Monday, December 16, 2013

The Cythric Word List

If the previous posts on phonetics and that kind of buzzkill stuff were not your cup of tea, you can start your name-building process here, with this post. If you did follow along with the last few articles you'll know that we have the first two components of what we'll need to develop the Cythric languages into a complete tool we can use for naming; the phonology and phonological rules of its ancestor language. Now we start making words.
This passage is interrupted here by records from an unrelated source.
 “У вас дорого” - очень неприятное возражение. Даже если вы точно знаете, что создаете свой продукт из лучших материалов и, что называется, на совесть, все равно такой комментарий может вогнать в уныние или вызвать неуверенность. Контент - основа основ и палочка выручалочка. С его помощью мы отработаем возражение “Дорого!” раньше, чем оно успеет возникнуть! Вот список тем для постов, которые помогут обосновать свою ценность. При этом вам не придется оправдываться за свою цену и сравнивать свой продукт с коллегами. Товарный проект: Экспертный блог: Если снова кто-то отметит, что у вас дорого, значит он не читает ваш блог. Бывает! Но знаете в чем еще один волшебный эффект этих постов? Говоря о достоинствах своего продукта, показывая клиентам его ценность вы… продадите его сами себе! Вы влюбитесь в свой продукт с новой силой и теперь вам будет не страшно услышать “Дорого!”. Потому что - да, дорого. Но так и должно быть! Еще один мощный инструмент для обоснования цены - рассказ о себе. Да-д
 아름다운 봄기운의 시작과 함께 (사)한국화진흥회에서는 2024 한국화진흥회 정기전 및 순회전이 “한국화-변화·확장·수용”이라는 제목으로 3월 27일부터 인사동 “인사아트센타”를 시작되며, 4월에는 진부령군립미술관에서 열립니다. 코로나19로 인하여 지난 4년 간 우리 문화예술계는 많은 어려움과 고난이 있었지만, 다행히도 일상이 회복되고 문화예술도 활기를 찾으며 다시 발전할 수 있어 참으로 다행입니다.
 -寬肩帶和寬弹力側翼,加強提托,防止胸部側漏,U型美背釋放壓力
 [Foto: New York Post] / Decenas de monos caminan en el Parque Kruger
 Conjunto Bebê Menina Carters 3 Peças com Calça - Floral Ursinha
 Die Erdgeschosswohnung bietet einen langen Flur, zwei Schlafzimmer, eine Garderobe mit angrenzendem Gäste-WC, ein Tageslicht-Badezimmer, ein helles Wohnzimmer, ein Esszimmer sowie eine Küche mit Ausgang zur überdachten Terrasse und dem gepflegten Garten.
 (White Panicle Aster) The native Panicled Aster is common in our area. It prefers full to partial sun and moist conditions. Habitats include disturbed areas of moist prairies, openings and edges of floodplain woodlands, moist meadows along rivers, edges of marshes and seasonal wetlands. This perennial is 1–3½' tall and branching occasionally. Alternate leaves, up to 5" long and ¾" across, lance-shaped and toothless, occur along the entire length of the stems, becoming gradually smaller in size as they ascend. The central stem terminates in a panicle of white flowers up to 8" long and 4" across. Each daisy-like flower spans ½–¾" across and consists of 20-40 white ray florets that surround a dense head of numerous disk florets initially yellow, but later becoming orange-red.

There are basically three approaches to this:
  • You can create a set of random tables to build random syllables and assemble them into words. A somewhat slapdash example of this can be found in the alien language tables for Vilani, Zhodani, etc from GDW's classic Traveller line. The results of their implementation are... less than satisfactory.
  • You can use an online utility or program to build your words for you. As with the previous random-ish method, youre going to end up with a lot of junky words that you'll need to sift through.
  • You can make words that match your rules by hand. This works best over a long period but I caution against sitting down and writing up a hundred words in one sitting; you'll go stale fast.
What I'm going to do is hand-craft a few words (word elements, really) and supplement that using gen. How many words do I need? Well, that depends. Ideally, you'd want probably a few hundred, and really there is no number too large, but a lexicon of many hundreds of words is probably overkill for most people needing a simple naming language. For place names, you probably need a few dozen.
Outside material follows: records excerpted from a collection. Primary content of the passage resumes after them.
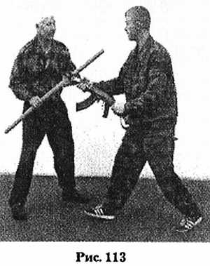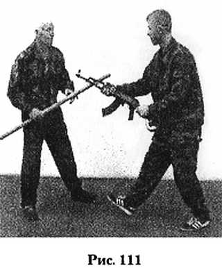 II фаза. При начале атаки противника, создавая «внутреннее» движение по всем звеньям тела, выравниваем скорость движения своего корпуса с подручным предметом (палкой) с вектором скорости движения ствола автомата противника. Шагом влево смещаем свой корпус и обеспечиваем вход в плоскость атаки, проведя мягкий контакт с оружием противника с помощью палки по касательной плоскости в целях разложения сил противника (рис. 111).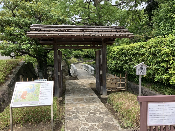昔、このあたりは緑と水豊かな農村風景がひらけ、武蔵国足立郡花又村と呼ばれていました。その後、東京府南足立郡となり、昭和七年、東京市に編入され、足立区が誕生しました。昭和五十七年、足立区は区制五十周年を記念し、花畑町土地区画整理組合の協力を得て、この庭園の建設に着手しました。区民の皆さんの憩の場として緑と水豊かなこの庭園を大切にし、後世に伝えていきましょう。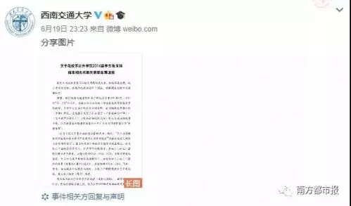 昨日23點23分,@西南交通大學 針對此事發出處理結果通報。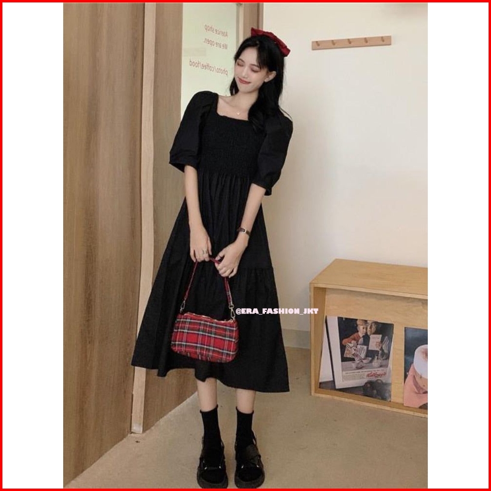 Smocked Dress Floral Midi Dress Polos Korea Style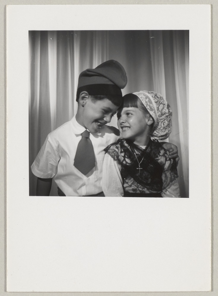 Portrait de Claude et Paloma Picasso en costumes catalans, dans le studio de Studio Visages, rue de l'Ange, Perpignan, en août 1954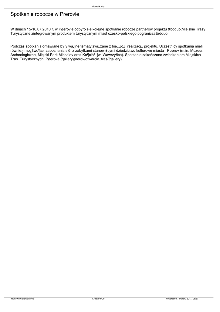W dniach 15-16.07.2010 r. w Pøerovie odby³o siê kolejne spotkanie robocze partnerów projektu „Miejskie Trasy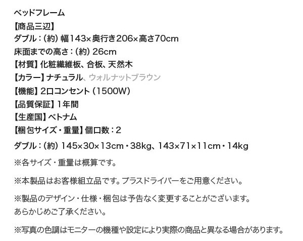 ![]() 棚・コンセント付きデザインすのこベッド Camille カミーユ プレミアムボンネル付 ダブル ナチュラル×ホワイト ![]() ![]() 配送について 納期:入金確認後4営業日内(土日祝除く)に発送いたします。 ※お支払いは、代引き不可となります。 ※お届けは玄関渡しです。他の商品と同梱はできません。 ※北海道へのお届けは送料が発生します。 沖縄・離島は配送不可ですので、予めご了承ください。 離島について:本州・本島などと橋でつながっている場合にも該当致します。 その他一部地域についてお届けができかねる場合があります。 お届け地域についてご不明な点は、ご注文前に質問欄よりお問い合せくださいませ。 内容によりましては、返答にお時間を要する場合がございます。 在庫状況について ・在庫状況は日々変動しており、お支払いのタイミングによっては メーカー在庫が欠品となる場合がございます。 ・生産状況や同時注文等により、欠品となる場合もございます。 ・在庫切れの場合はキャンセルとしてお受けいたします。 ・最新の在庫状況のご確認は、質問欄よりお問い合せくださいませ。 ご注意ください ・土日祝はお休みさせていただきます。 ・初期不良の場合はお届け後1週間以内に限り返品交換対応可能です。 ・到着後、破損不良等の有無をお確かめ下さい。 ・返品・交換は、配送時の梱包のまま使用いただくようお願いします。 なお梱包材が無い場合でのお引取りはできませんのでご注意下さい。 ・お客様都合によるイメージ違い、サイズ間違い等の事由では、 交換・返品・キャンセル等お受けできません。 ご不明点などありましたらお気軽にお問い合わせください。 すぐにお返事できない場合もございますので、余裕をもってのお問い合せをお願い致します。 b500041856ntwh 100051639 |

Start by observing how place names are built. Place names in England are best for this because their construction is most apparent. Sometimes this is obvious, as in Beaconsfield from Beacon's Field, for example, or Whitchurch from White Church. In other cases it's less obvious, as in Ayslesbury, from Aegel's Fort. It makes perfect sense once you know a burgh is a fort and that in Anglo-Saxon (Old English) the letter g is sometimes pronounced as /y/.

Half an hour with a map and Wikipedia should give you a sense of the pattern of place names... and a good idea of the words you'll need. Here is an exhaustive list of such elements from English place names. By the way, this is the exact method used by Ed Greenwood to construct many of the names in the Forgotten Realms. It's a method that works whether you render the names in plain English or translate them into some other language, although it does presuppose both a roughly medieval western European culture and roughly Indo-European language. Names in the Japanese pattern, for example, are very differently constructed, so for something more exotic you may want to range further afield.

So words for places like river, camp, hill, bay, port, field, mountain, farm, fort, crossing, woods, meadow.  And adjectives like rich, great, wide, tall, hale, and number and color words. With, say, ten or twenty from each group you should have sufficient fodder to start building names. Assign words from your word list to the meaning you've assembled.

Here's my sample starting list of thirty words:

element type meaning
dyw adj black
ethyrhn adj hallowed
fearm adj strong
frapa adj green
frha adj high
ges adj bold
reag adj old
hot adj ill-omened
shrapa adj fertile, verdant
therm adj grim
firhn n (place) hall
hlen n (place) tower
lanwra n (place) stone
lim n (place) river
llan n (place) valley
llyn n (place) farm
osyrhn n (place) river mouth
sirhn n (place) hill
sorhm n (place) ford
thra n (place) land
ashri n (thing) flower
chaurn n (thing) shield
eddra n (thing) song
ge n (thing) spear
hearhm n (thing) helm
hlynta n (thing) hound
tharn n (thing) bird of prey
thorn n (thing) hammer
warhn n (thing) chief, headman
wyrhn n (thing) king

This should be enough to get started with, and I made sure to include some elements that could be used in masculine or feminine personal names as well. Now we are almost ready to commence the actual world building, once we know how words can be put together.